- Exercise brief
Word for word, write the lines below out again, with no pictures.

**** Data section ****

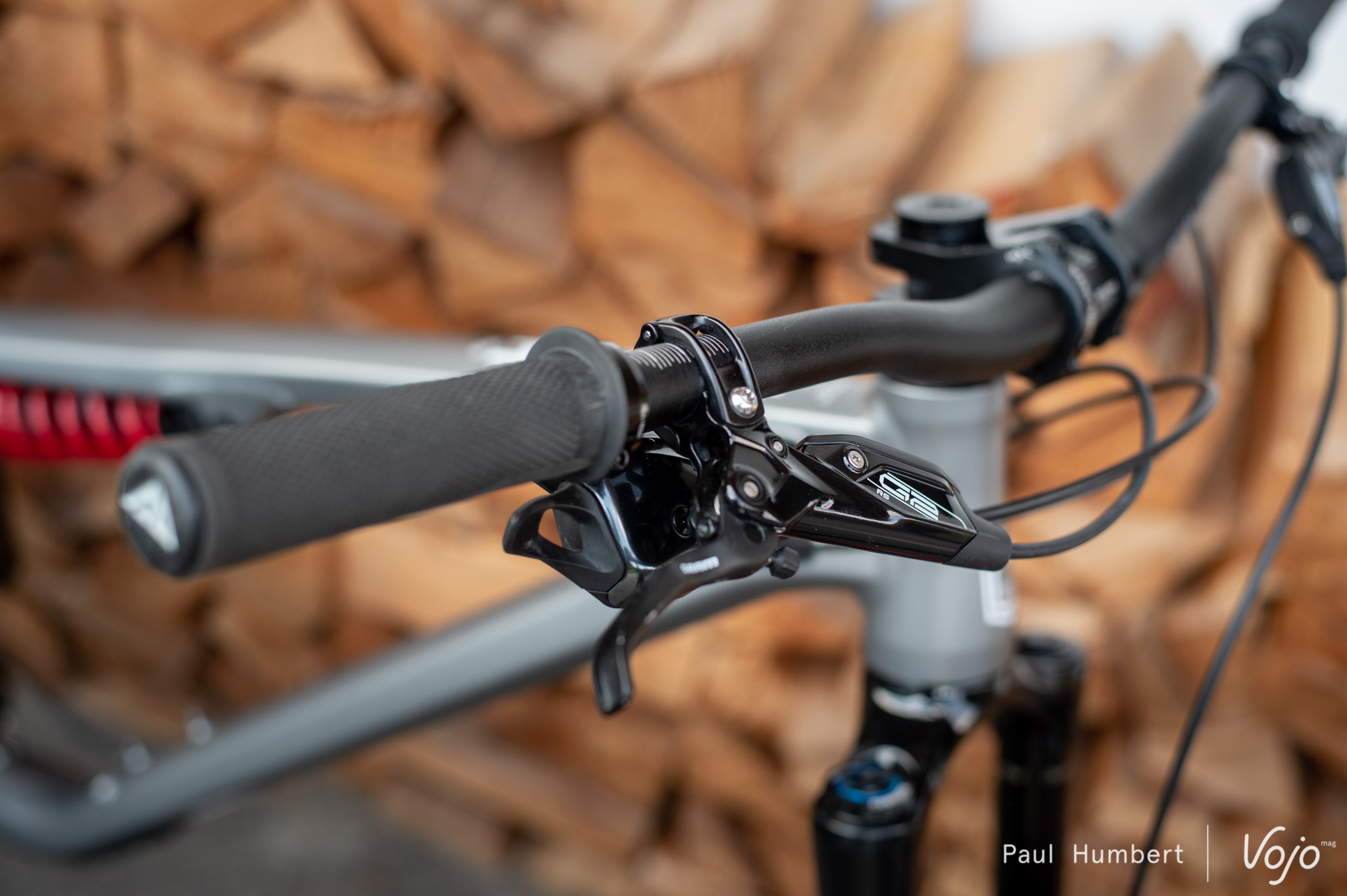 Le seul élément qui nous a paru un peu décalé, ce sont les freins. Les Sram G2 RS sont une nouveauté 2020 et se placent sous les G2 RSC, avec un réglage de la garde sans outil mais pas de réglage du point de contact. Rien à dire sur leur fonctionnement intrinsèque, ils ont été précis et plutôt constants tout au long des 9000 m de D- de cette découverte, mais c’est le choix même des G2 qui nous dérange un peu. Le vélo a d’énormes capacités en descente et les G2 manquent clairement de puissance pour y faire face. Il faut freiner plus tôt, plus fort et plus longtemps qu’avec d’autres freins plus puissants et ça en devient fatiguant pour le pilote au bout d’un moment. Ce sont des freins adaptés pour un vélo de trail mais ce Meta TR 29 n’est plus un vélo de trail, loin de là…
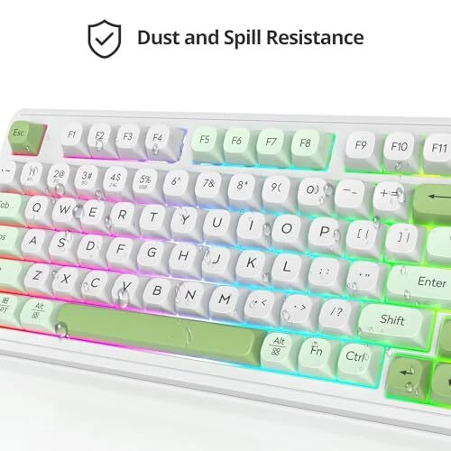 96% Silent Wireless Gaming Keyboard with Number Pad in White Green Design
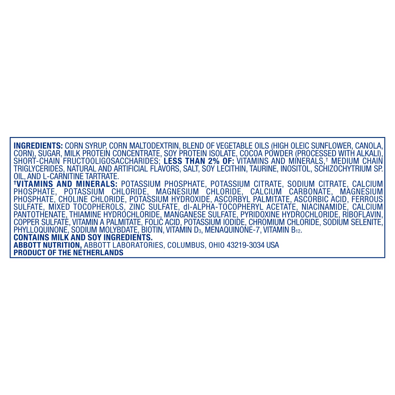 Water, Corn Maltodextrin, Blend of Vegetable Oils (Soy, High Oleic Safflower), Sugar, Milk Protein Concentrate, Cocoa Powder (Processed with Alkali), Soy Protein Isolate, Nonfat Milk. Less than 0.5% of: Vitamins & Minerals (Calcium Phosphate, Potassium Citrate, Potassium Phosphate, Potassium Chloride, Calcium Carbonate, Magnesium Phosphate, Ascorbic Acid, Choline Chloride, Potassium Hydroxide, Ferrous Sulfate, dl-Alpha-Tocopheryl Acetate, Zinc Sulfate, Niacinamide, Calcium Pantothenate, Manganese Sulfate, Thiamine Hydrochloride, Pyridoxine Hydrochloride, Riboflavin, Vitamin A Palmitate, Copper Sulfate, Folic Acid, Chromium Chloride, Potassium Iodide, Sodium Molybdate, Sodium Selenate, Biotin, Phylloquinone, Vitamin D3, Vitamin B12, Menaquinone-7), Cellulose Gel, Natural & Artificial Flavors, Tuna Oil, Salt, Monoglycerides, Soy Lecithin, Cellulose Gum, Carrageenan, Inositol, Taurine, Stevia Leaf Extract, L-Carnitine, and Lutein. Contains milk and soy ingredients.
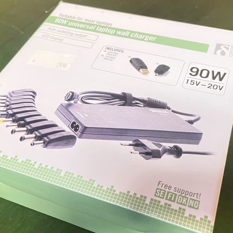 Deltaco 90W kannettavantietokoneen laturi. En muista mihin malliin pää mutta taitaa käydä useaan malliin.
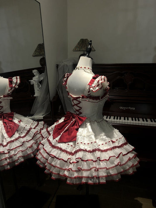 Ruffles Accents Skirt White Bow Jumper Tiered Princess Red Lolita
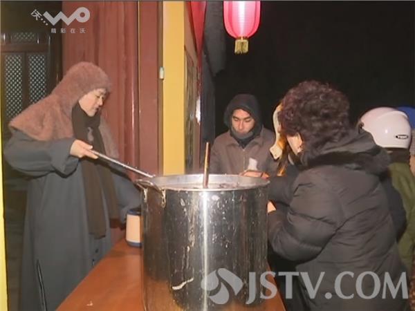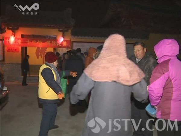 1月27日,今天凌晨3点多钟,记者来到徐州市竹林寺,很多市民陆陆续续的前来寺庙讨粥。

****

- Answer to this exercise
 Le seul élément qui nous a paru un peu décalé, ce sont les freins. Les Sram G2 RS sont une nouveauté 2020 et se placent sous les G2 RSC, avec un réglage de la garde sans outil mais pas de réglage du point de contact. Rien à dire sur leur fonctionnement intrinsèque, ils ont été précis et plutôt constants tout au long des 9000 m de D- de cette découverte, mais c’est le choix même des G2 qui nous dérange un peu. Le vélo a d’énormes capacités en descente et les G2 manquent clairement de puissance pour y faire face. Il faut freiner plus tôt, plus fort et plus longtemps qu’avec d’autres freins plus puissants et ça en devient fatiguant pour le pilote au bout d’un moment. Ce sont des freins adaptés pour un vélo de trail mais ce Meta TR 29 n’est plus un vélo de trail, loin de là…
 96% Silent Wireless Gaming Keyboard with Number Pad in White Green Design
 Water, Corn Maltodextrin, Blend of Vegetable Oils (Soy, High Oleic Safflower), Sugar, Milk Protein Concentrate, Cocoa Powder (Processed with Alkali), Soy Protein Isolate, Nonfat Milk. Less than 0.5% of: Vitamins & Minerals (Calcium Phosphate, Potassium Citrate, Potassium Phosphate, Potassium Chloride, Calcium Carbonate, Magnesium Phosphate, Ascorbic Acid, Choline Chloride, Potassium Hydroxide, Ferrous Sulfate, dl-Alpha-Tocopheryl Acetate, Zinc Sulfate, Niacinamide, Calcium Pantothenate, Manganese Sulfate, Thiamine Hydrochloride, Pyridoxine Hydrochloride, Riboflavin, Vitamin A Palmitate, Copper Sulfate, Folic Acid, Chromium Chloride, Potassium Iodide, Sodium Molybdate, Sodium Selenate, Biotin, Phylloquinone, Vitamin D3, Vitamin B12, Menaquinone-7), Cellulose Gel, Natural & Artificial Flavors, Tuna Oil, Salt, Monoglycerides, Soy Lecithin, Cellulose Gum, Carrageenan, Inositol, Taurine, Stevia Leaf Extract, L-Carnitine, and Lutein. Contains milk and soy ingredients.
 Deltaco 90W kannettavantietokoneen laturi. En muista mihin malliin pää mutta taitaa käydä useaan malliin.
 Ruffles Accents Skirt White Bow Jumper Tiered Princess Red Lolita
 1月27日,今天凌晨3点多钟,记者来到徐州市竹林寺,很多市民陆陆续续的前来寺庙讨粥。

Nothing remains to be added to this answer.